▶ _About this task_
Return the full set of entries below exactly, leaving every image out.

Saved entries
________________
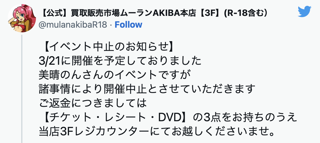 这已经有点怪怪的,但还没完喔,在宣布YouTube直播后的两天,也就是3月10日的时候,美晴のん(美暖暖)开开心心地在twitter宣布要举行出道以来第一次的实体活动,要在3月21日的时候和大家见面,然后ー
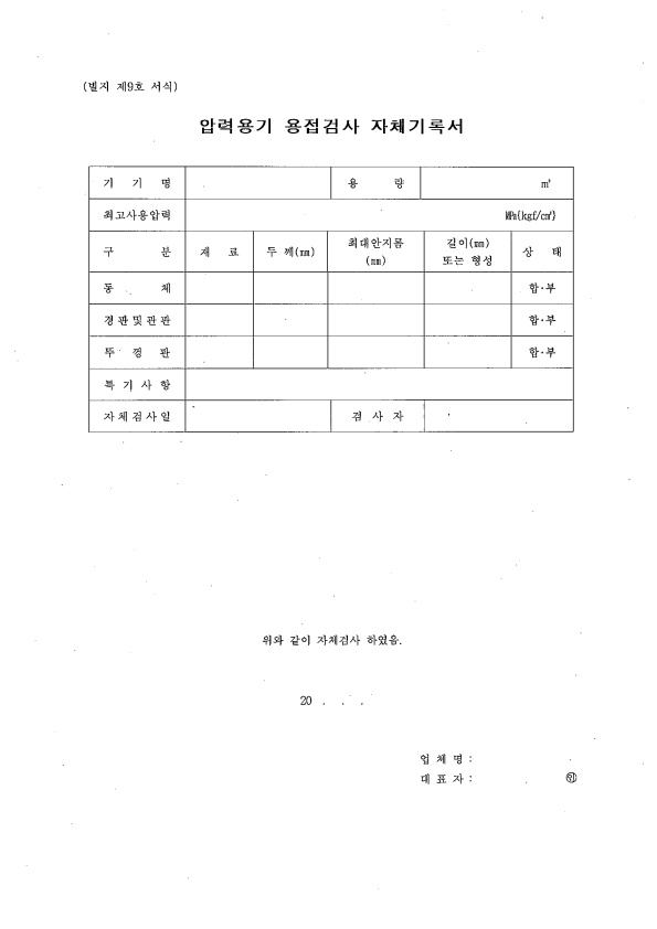 21 압력용기 용접 검사자체 기록서
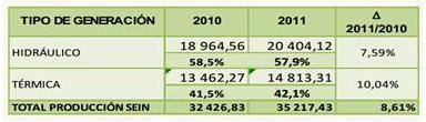 En el informe "Resumen Estadístico Anual del SEIN 2011" del COES, se observa que la producción anual de energía eléctrica en el 2011 totalizó 35217,43 GWh, la que representó un incremento del 8,61% superior al registrado en el 2010, que fue de 32426,83 GWh. En la tabla 1, se presenta la producción eléctrica en el SEIN en el 2010 y 2011.
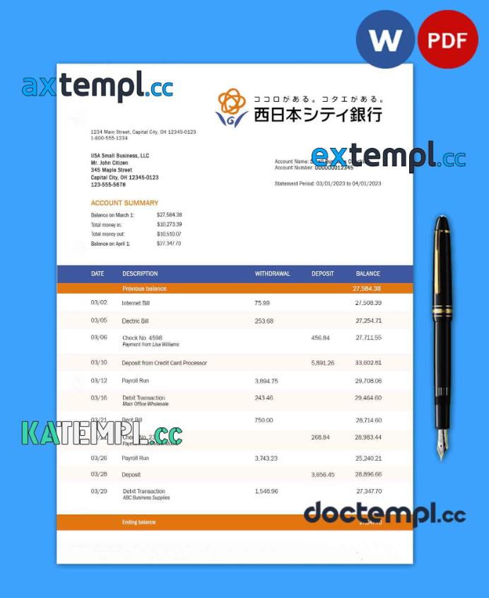 sample Nishi-Nippon City Bank enterprise account statement Word and PDF template download
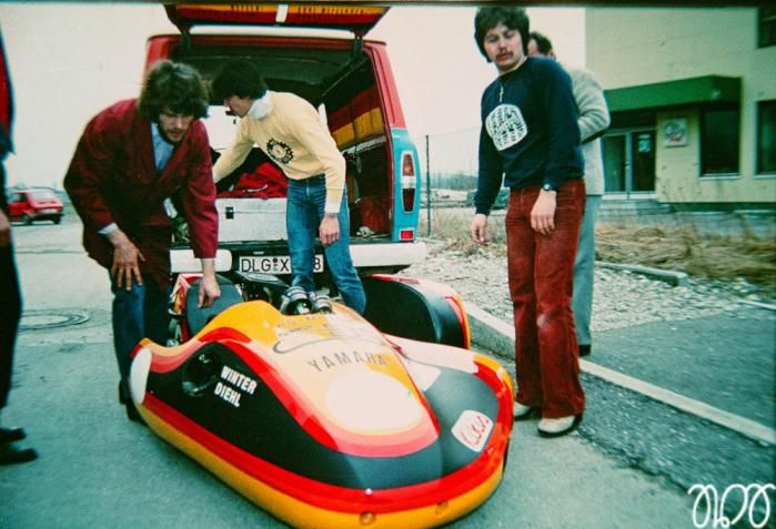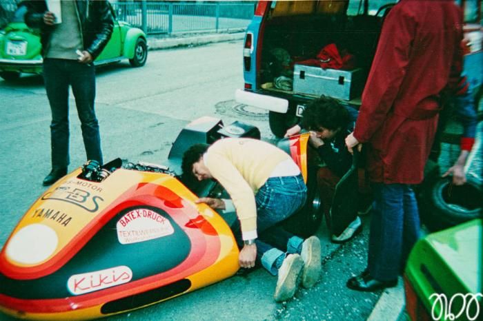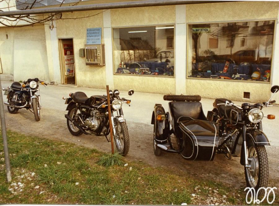 Das Dreirad ist ein MT10-Gespann von Dnjepr – Mitte: Honda CB350Four – links: Yamaha RD250
________________
▶ _Worked solution_
 这已经有点怪怪的,但还没完喔,在宣布YouTube直播后的两天,也就是3月10日的时候,美晴のん(美暖暖)开开心心地在twitter宣布要举行出道以来第一次的实体活动,要在3月21日的时候和大家见面,然后ー
 21 압력용기 용접 검사자체 기록서
 En el informe "Resumen Estadístico Anual del SEIN 2011" del COES, se observa que la producción anual de energía eléctrica en el 2011 totalizó 35217,43 GWh, la que representó un incremento del 8,61% superior al registrado en el 2010, que fue de 32426,83 GWh. En la tabla 1, se presenta la producción eléctrica en el SEIN en el 2010 y 2011.
 sample Nishi-Nippon City Bank enterprise account statement Word and PDF template download
 Das Dreirad ist ein MT10-Gespann von Dnjepr – Mitte: Honda CB350Four – links: Yamaha RD250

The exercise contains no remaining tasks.